4.  Lose 50 by 2013.  I admit it.  I've become a fat ass.  I buy clothes that camouflage my 'problem areas'.  I've become one of those women who wear a shirt over their swimsuit and I hate it.  I've never once worn a bikini without a cover-up on at all times.  The way I see it, it's now or never.  Sure, I'd love to eventually be one of those hot older ladies who can rock a bikini (like Helen Mirren) but right now, while I'm still categorically "young", I want to be able to do it as well.  (As of 1/17, I've lost 15 pounds, so I'm on my way!)

5.  Be A Caring Person.  I feel like being a good person is caring about others before yourself.  Taking the time to help where help is needed.  There are several areas in my community that could use a helping hand.  For example - ◘I could volunteer at the animal shelter or donate food/supplies there.  (It hurts my heart to see all those animals without loving homes.) 
◘I could donate unused items from my home such as clothing, household items, etc. to the local Goodwill.  My house is cramped and we have too much stuff that we keep for no good reason, thinking maybe "one day, we'll use it."
◘I could volunteer at our Art Center.  Be a tour guide or take a class.  It is a non-profit organization meant to bring art awareness to our community with free classes & displays of local artists.
◘I could join the groups who walk around beautifying our town.  Picking up trash, planting trees & flowers, painting old buildings, helping the elderly, etc.
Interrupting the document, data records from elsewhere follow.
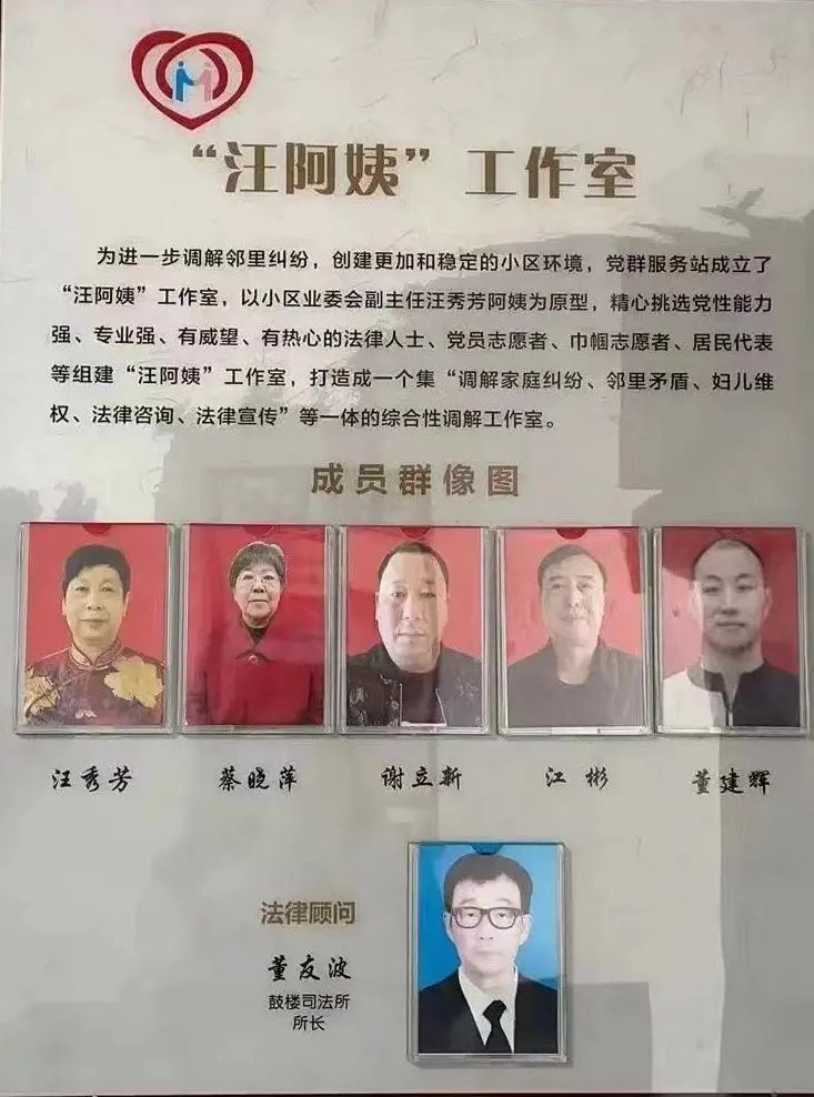 为进一步调解邻里纠纷,构建更加和谐稳定的小区环境,鼓楼街道朝圣门社区宋家湾新区5G工作站以小区业委会副主任汪秀芳阿姨为原型,精心挑选党性能力强、专业强、有威望、有热心的法律人士、党员志愿者、巾帼志愿者、居民代表等组建“汪阿姨”工作室,打造成一个集调解家庭纠纷、邻里矛盾、妇儿维权、法律咨询、法律宣传等一体的综合性调解工作室。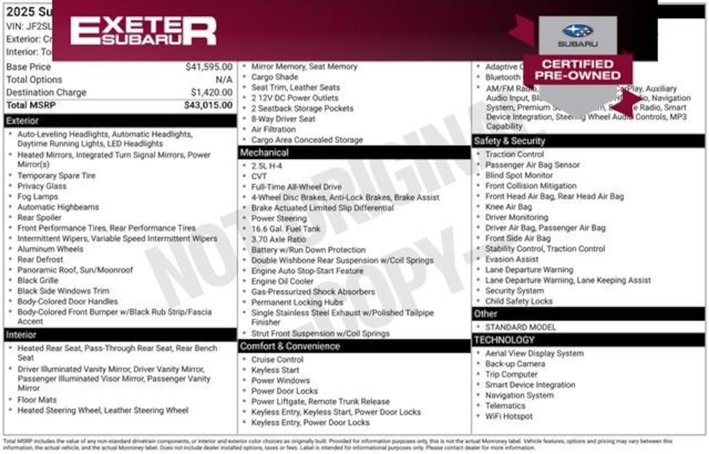 Active Cruise Control, Alloy wheels, AM/FM radio: SiriusXM with 360L, Auto High-beam Headlights, Exterior Parking Camera Rear, Front dual zone A/C, Heated & Ventilated Front Bucket Seats, Heated door mirrors, Heated rear seats, Heated steering wheel, Illuminated entry, Leather steering wheel, Navigation System, Perforated Leather-Trimmed Upholstery, Power door mirrors, Power Liftgate, Power moonroof: Panoramic, Radio: Subaru 11.6" Multimedia Navigation System, Telescoping steering wheel, Turn signal indicator mirrors.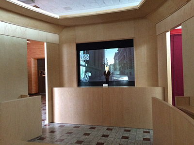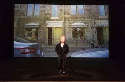 Expérience captivante, L’homme qui marche est une création du 1700 La Poste, « lieu privé consacré aux arts visuels et à ses enjeux discursifs », avec la participation de UBU compagnie de création – on reconnaîtra immédiatement le dispositif scénique, ici parfaitement maîtrisé, que l’on a pu observer lors d’autres créations, dont Les aveugles. Le spectateur est invité à entrer dans une petite salle toute faite de bois, à l’essence préservée, conçu par l’architecte Luc Laporte, à qui, avec cette création, on rend hommage. Le créateur était fasciné par la marionnette, et il « ne cessait d’imaginer de grands théâtres, intégrés à la ville ». Sur l’écran derrière la petite scène, des images en noir et blanc et en couleur du boulevard St-Laurent, de la rue St-Denis et de la Petite Italie défilent. Devant celles-ci, une marionnette mécanique marche, inlassablement. Sur son visage sont projetés les traits du comédien Carl Béchard. Alors qu’il flâne, le comédien récite quelques extraits de textes de Raymond Queneau (Exercices de style), Lewis Carroll, Blaise Cendrars, de la Fontaine, Prévert, De Saint-Denys Garneau, aisément reconnaissables, devenant parfois un étonnant exercice de prononciation. On ne peut détacher le regard de ce pantin hyperréaliste, légèrement envoûté par cette longue marche... immobile.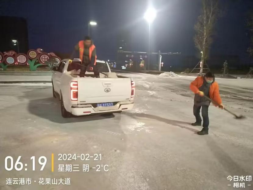 凌晨3點,葛中仁、孫銀、薛興華、伏廣軍奮戰在花果山大道除雪現場,由于冰凍嚴重、路面濕滑,工程車行進過程中舉步維艱,他們互相配合、齊心協力,時刻關注路面情況,確保道路無積雪、無結冰。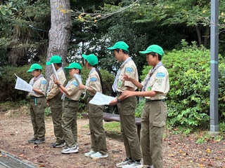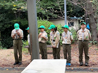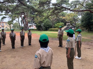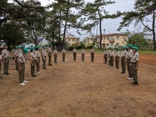| 基本訓練 基本訓練 各班にて訓練します ![]() 国旗掲揚の訓練 ![]() 各班訓練し、基本動作の実践を行います ![]() 上手にU字にならぶことができず苦労します |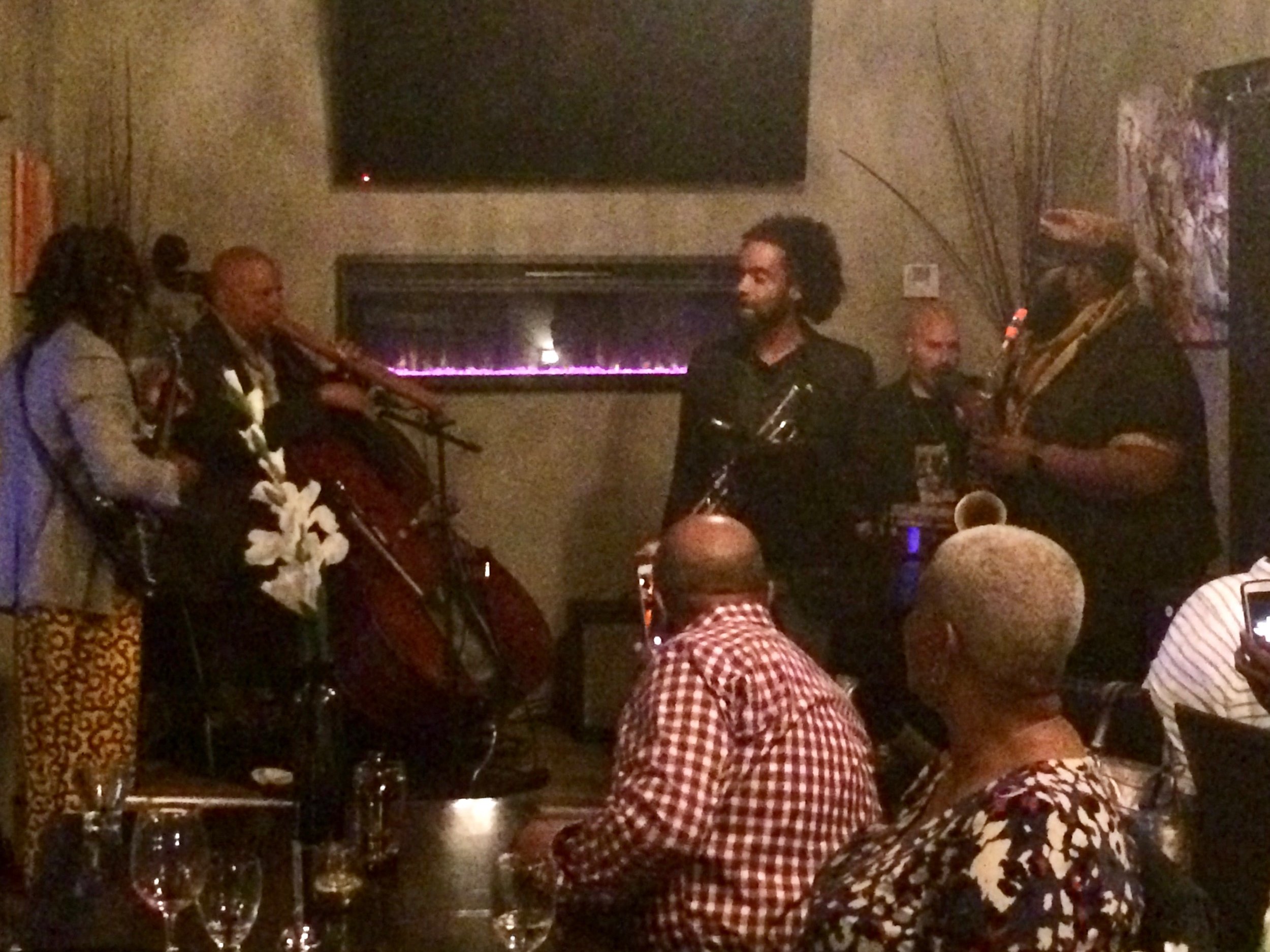 The core quartet of myself, Bobby Raymond on bass, Monvelyno Alexis on guitar and vocals, and Godwin Louis on soprano & alto sax, was also joined by the wonderful Mr. Jean Caze, one of the finest trumpet players you will hear. Jean was gracious enough to sit in with us for most of the evening, and we had a blast. Jean is featured prominently on both my first CD - Tanbou nan Lakou Brooklyn, and my first Soundkeeper Release, Equinox. - See the discography page for samples and links. The crowd was most attentive and supportive, and a wonderful time was had by all!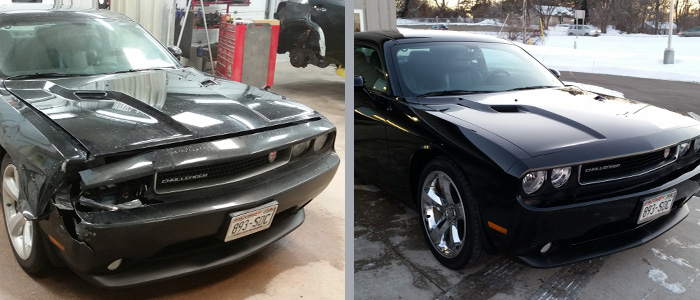 This Dodge Challenger suffered collision damage to the front right corner. We replaced the accident damaged parts and were able to refinish the hood, fender and bumper in our autobody shop using our precision color matching and paint mixing technology.
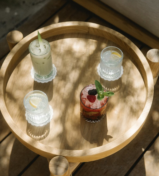 Sur la plage d’Indie Beach, le temps n’existe pas. Transats & parasols, Sun Beds. Déjeuner face à la mer. Chill & cocktails. Invitation au lâcher-prise.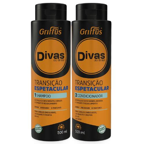O Kit é composto por: 1 Shampoo 500ml 1 Condicionador 500ml É hora de arrasar, diva! A linha Divas do Brasil Griffus foi criada para todos os tipos de curvaturas, atendendo às necessidades de diferentes os, com ativos que vão tratar e deixar os cabelos maravilhosos. Linha Vegana, ou seja: não testada em animais e livre de ingredientes de origem animal. O Shampoo Transição Espetacular Divas do Brasil Griffus possui uma fórmula enriquecida com extrato de bambu, Jaborandi e d-pantenol que auxilia na transição capilar dos os 2A a 4C. Esses ativos vão fortalecer os desde a raiz para crescerem fortes e saudáveis, contribuir para o crescimento acelerado e deixar os hidratados. *Sem cloreto de sódio.O Condicionador Transição Espetacular Divas do Brasil Griffus possui uma fórmula enriquecida com extrato de bambu, Jaborandi e d-pantenol que vai auxiliar na transição dos os 2A a 4C. Esses ativos vão fortalecer os desde a raiz para um crescimento acelerado. Além disso, os carão saudáveis, hidratados e com brilho.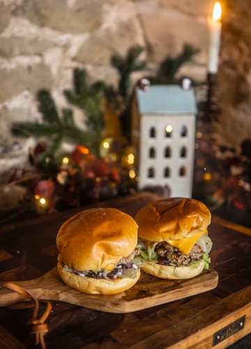 Catherine Wheel Sausage with Grilled Balsamic Pears & Camembert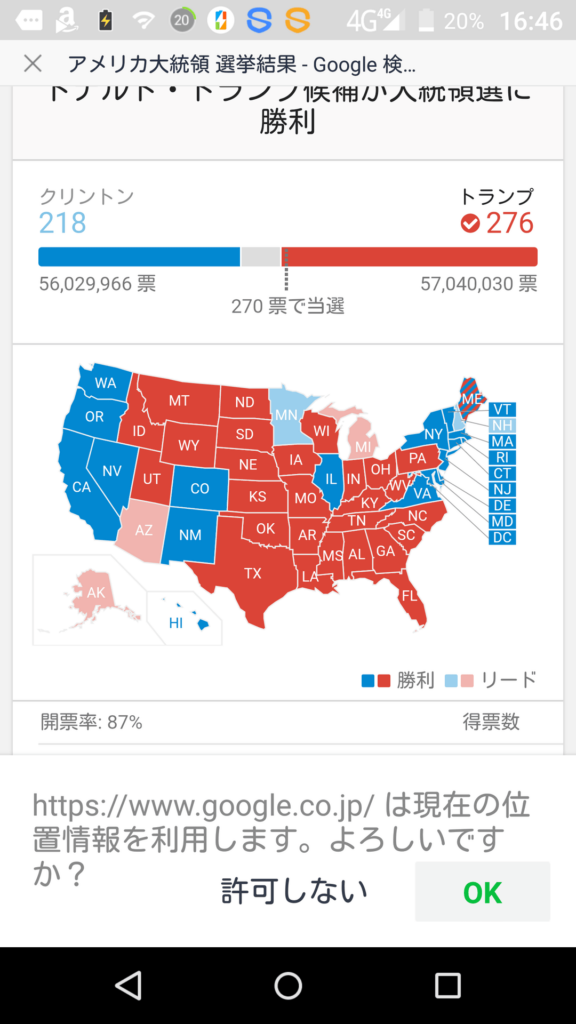 アメリカ大統領選挙 トランプ候補が勝利しました。 https://www.google.co.jp/search?q=%E3%82%A2%E3%83%A1%E3%83%AA%E3%82%AB%E5%A4%A7%E7%B5%B1%E9%A0%98%20%E9%81%B8%E6%8C%99%E7%B5%90%E6%9E%9C -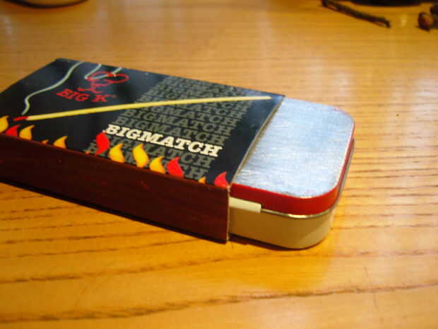 Debajo es una imagen de ejemplo de cómo puede embalarlo, no tengo un encendedor así incluí algunos fósforos, también encontré que la lata colocada dentro de la caja de cerillas: P

6.  Create.  This one is important to me.  I love all mediums of art.  I have this intense desire to create beautiful things.  I have so much creative energy inside me.  Whether it's painting, landscaping, drawing, scrapbooking, designing, sewing, crafting....I love it.  I don't mean to be boastful here when I say that I feel like I have talent.  I've always been shy about being proud of something, because deep inside me I do feel "less than".  I feel like someone will always do something better than me.  I must learn to throw that notion aside & be happy, be excited, be proud - of what I create.  The lesson that I must learn is "I made this.  I am happy with the way it turned out."  I am so thankful for Pinterest because it inspires me to no end.  I'm in the process of turning our storage room into my art/craft studio.  Maybe I could even sell the things I made?  Hmmmm....

I figure that I will probably add more to this list later, but for now it's all I've got.  I guess an unofficial #7 is to not remove things from the list.